── Provided data
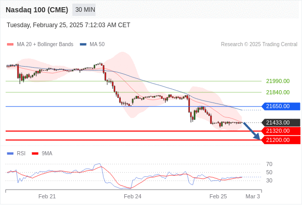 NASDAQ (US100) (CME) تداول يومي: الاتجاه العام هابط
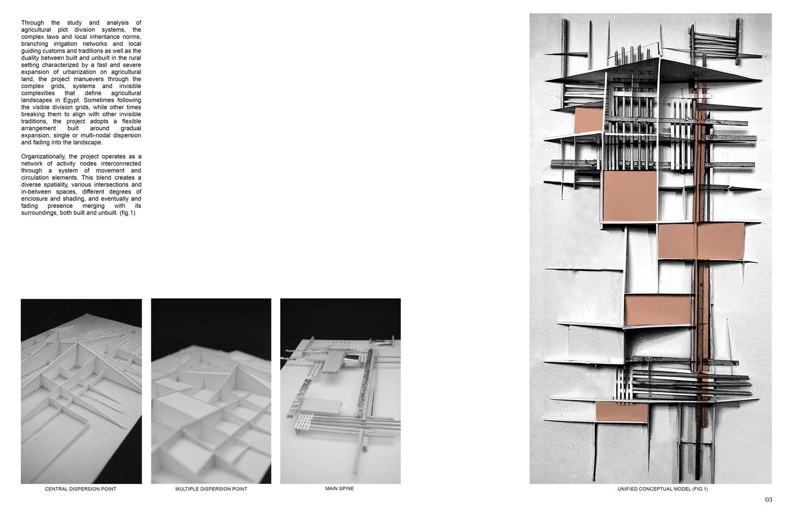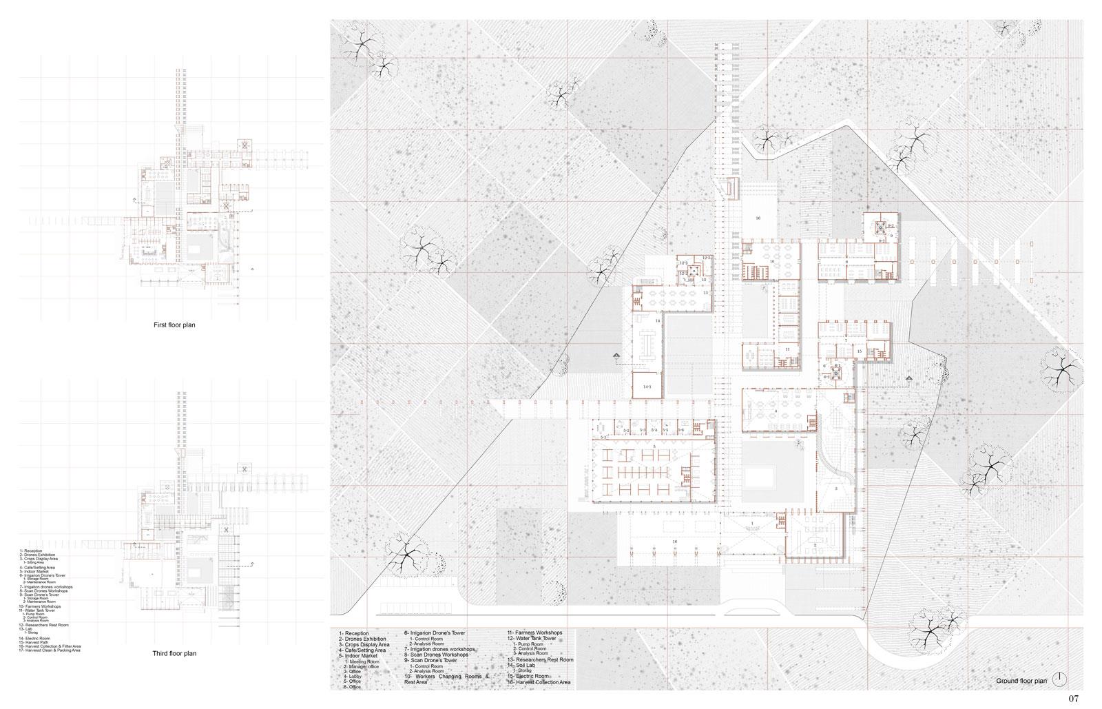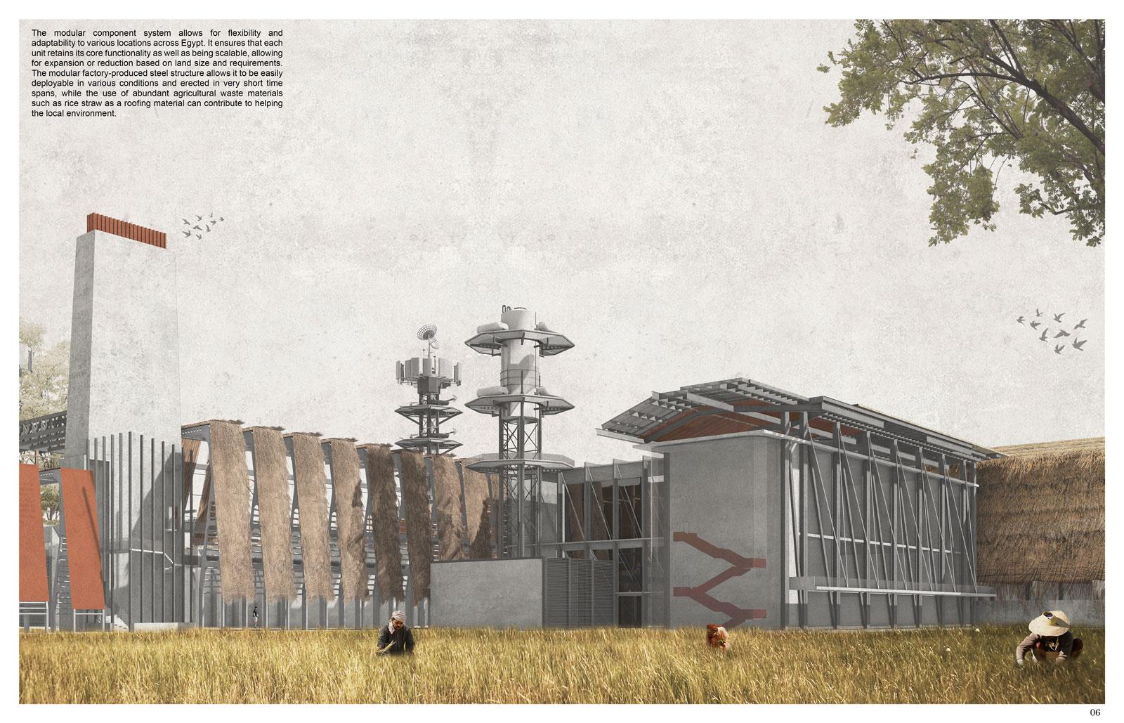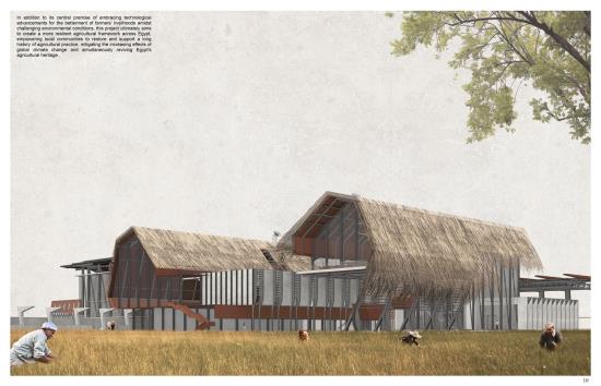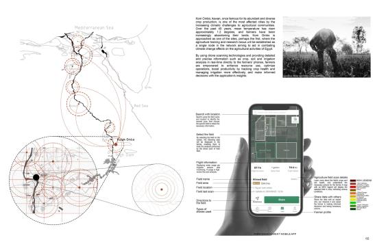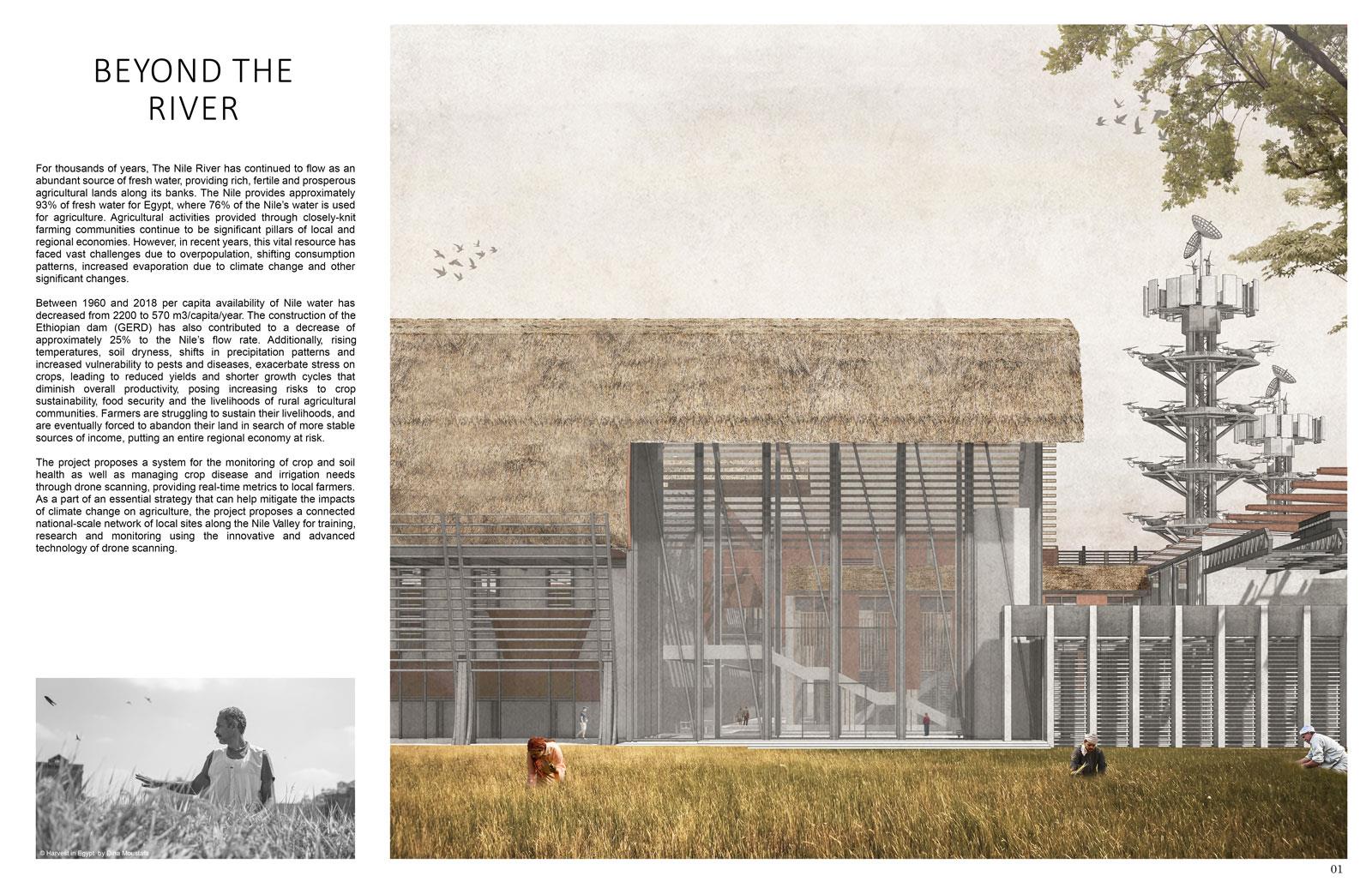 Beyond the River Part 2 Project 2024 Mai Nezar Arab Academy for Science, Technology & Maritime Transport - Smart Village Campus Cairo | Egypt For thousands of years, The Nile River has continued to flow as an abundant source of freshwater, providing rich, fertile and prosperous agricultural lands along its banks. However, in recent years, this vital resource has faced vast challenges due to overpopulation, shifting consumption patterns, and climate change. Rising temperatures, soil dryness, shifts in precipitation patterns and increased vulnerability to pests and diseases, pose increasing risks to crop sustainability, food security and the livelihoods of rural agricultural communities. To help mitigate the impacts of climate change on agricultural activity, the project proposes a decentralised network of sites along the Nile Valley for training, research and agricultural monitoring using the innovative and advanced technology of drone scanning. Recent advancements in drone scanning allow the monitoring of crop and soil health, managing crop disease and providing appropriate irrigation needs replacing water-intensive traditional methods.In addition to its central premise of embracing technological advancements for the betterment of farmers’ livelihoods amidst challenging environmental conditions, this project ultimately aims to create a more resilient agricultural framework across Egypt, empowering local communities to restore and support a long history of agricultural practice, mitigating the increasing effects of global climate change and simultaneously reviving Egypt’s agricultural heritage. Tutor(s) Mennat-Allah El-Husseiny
────
── Provided data
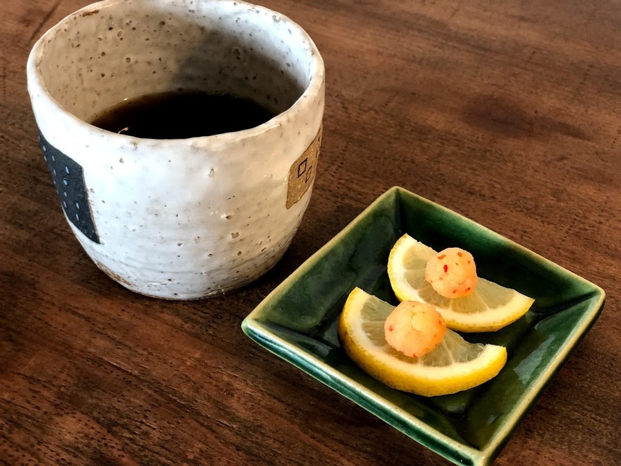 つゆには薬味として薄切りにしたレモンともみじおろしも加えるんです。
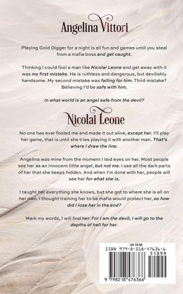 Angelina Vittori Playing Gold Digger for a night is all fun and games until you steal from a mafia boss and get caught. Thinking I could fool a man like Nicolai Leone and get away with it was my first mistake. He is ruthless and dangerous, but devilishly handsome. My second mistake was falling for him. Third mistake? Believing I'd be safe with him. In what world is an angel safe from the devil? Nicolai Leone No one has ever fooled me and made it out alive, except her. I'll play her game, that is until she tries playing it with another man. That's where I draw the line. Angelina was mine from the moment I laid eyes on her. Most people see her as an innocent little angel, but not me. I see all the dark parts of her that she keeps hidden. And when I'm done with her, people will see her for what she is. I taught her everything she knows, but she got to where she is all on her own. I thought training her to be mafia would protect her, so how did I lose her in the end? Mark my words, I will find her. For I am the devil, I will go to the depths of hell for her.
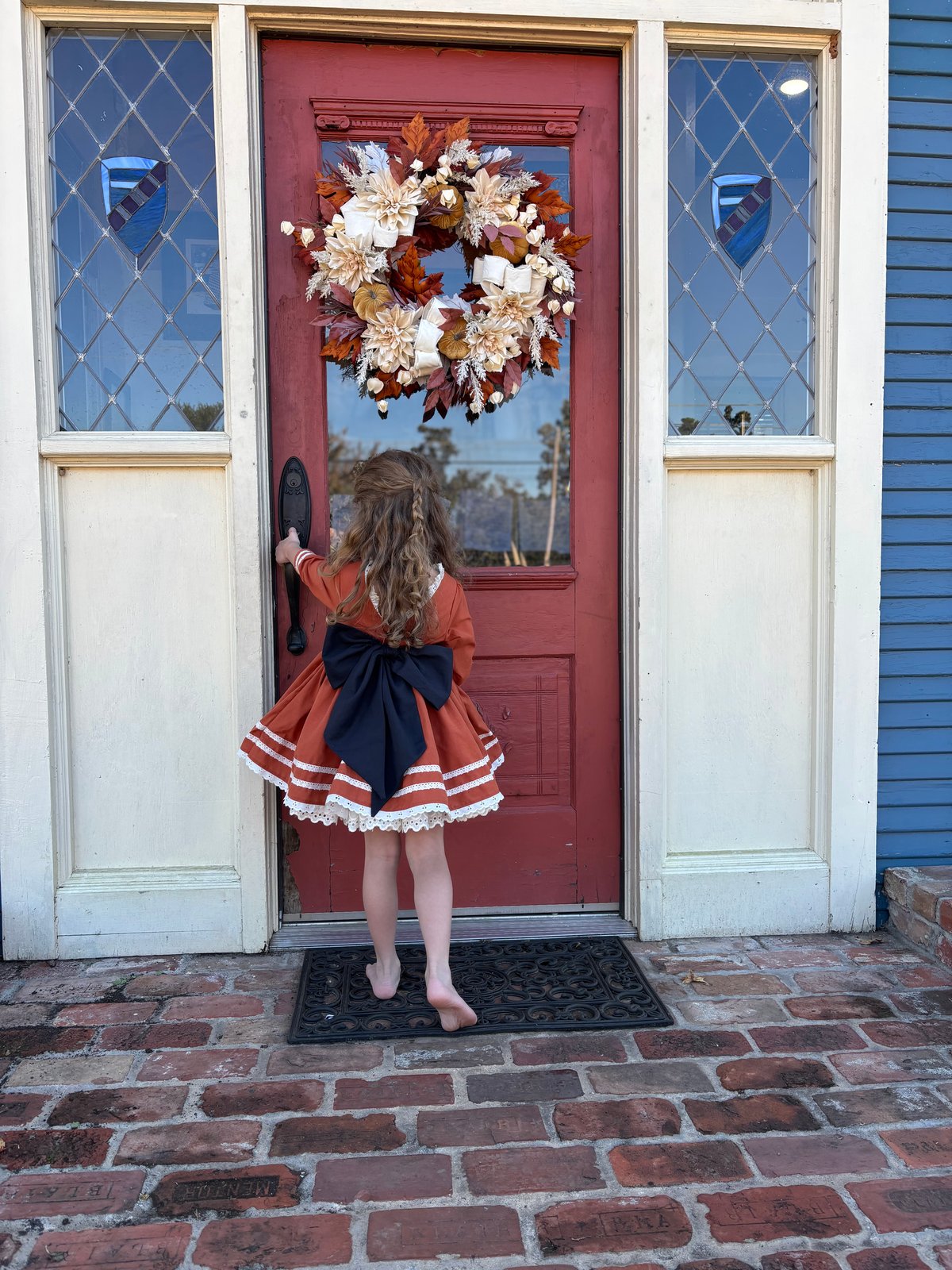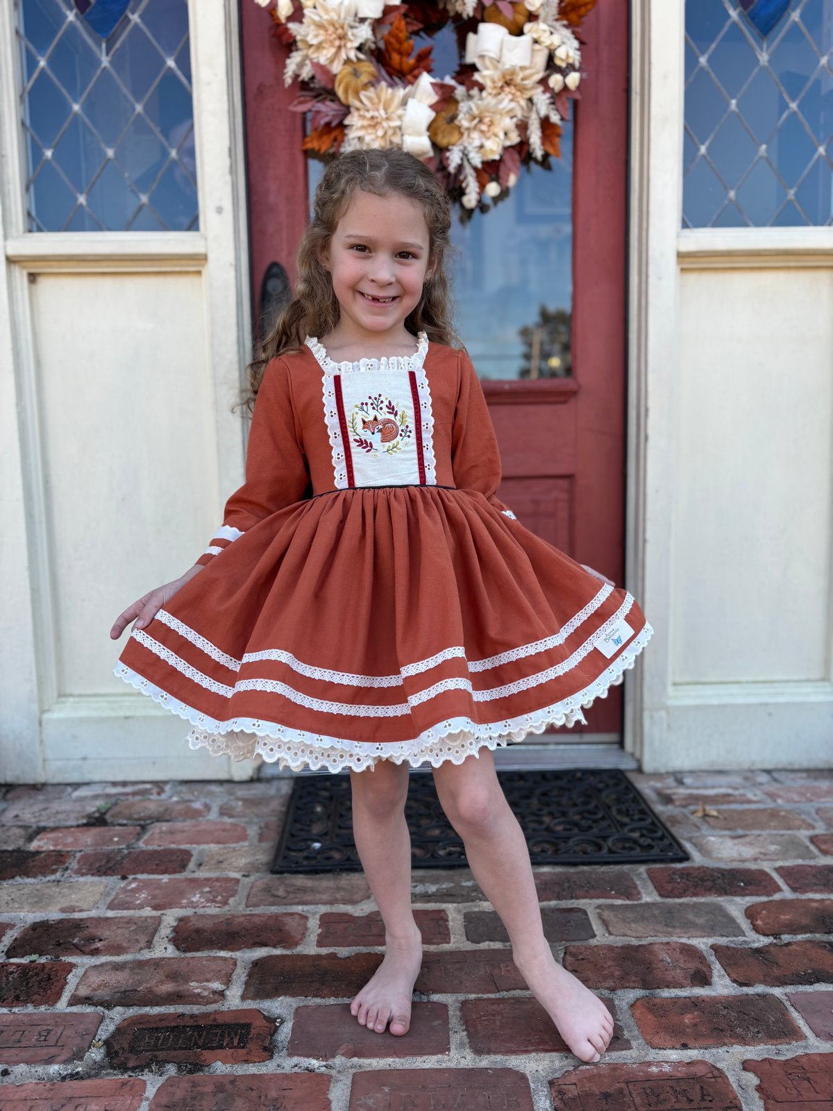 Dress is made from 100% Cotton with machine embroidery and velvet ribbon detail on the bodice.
────
── Provided data
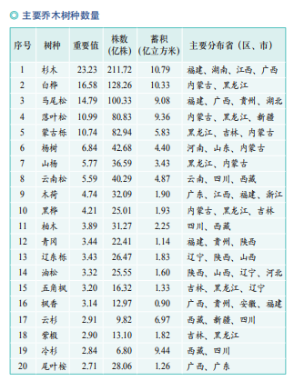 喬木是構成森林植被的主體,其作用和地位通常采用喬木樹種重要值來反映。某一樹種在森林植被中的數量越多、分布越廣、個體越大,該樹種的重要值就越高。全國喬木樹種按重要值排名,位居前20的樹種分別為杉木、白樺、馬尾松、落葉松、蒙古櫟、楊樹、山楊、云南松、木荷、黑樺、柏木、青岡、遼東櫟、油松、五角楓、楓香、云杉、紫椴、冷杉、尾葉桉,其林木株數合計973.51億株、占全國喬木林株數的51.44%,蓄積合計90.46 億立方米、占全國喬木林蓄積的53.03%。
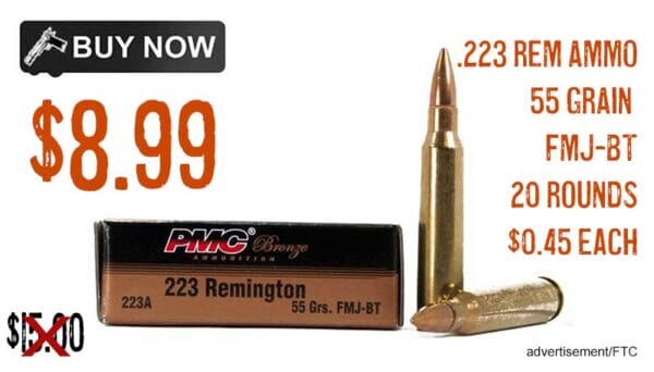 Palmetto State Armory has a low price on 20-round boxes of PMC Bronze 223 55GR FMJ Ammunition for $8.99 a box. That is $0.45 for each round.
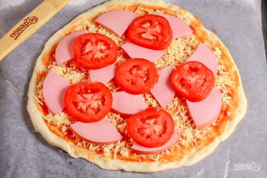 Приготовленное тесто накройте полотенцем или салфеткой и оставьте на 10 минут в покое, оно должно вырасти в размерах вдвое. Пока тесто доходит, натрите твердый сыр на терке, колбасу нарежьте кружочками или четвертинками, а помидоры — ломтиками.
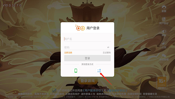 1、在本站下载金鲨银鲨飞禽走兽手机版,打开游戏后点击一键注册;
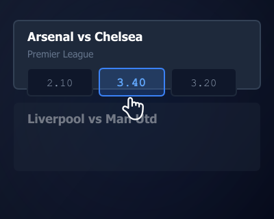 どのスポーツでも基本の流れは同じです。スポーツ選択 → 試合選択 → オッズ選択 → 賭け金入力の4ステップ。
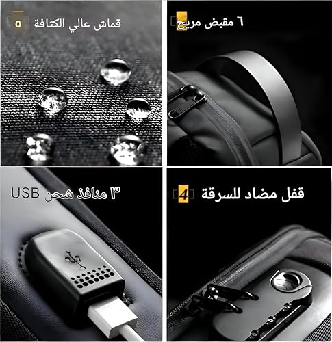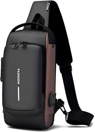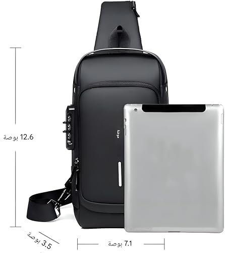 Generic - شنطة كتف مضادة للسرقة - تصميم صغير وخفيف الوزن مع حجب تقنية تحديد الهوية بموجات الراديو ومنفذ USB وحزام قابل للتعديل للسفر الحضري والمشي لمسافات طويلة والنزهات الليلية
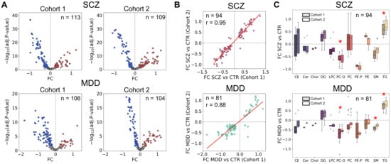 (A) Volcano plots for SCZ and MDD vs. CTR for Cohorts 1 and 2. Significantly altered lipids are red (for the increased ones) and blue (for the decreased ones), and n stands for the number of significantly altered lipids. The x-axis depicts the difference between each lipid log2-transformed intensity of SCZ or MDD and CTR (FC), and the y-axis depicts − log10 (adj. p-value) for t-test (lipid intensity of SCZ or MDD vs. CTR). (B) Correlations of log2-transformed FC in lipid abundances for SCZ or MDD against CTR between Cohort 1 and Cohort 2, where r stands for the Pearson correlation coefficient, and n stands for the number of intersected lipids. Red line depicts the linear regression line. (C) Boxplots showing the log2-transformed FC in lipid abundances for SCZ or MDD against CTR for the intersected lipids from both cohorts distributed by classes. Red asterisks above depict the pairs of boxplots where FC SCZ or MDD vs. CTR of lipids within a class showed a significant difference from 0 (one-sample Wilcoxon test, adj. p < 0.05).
────
## Your objective
Could the stretch from the line with "1、在本站下载金鲨银鲨飞禽走兽手机版,打开游戏后点击一键注册;" through the line with "Generic - شنطة" in the listing above be restated word for word, minus the pictures?

## Your solution
 1、在本站下载金鲨银鲨飞禽走兽手机版,打开游戏后点击一键注册;
 どのスポーツでも基本の流れは同じです。スポーツ選択 → 試合選択 → オッズ選択 → 賭け金入力の4ステップ。
 Generic - شنطة كتف مضادة للسرقة - تصميم صغير وخفيف الوزن مع حجب تقنية تحديد الهوية بموجات الراديو ومنفذ USB وحزام قابل للتعديل للسفر الحضري والمشي لمسافات طويلة والنزهات الليلية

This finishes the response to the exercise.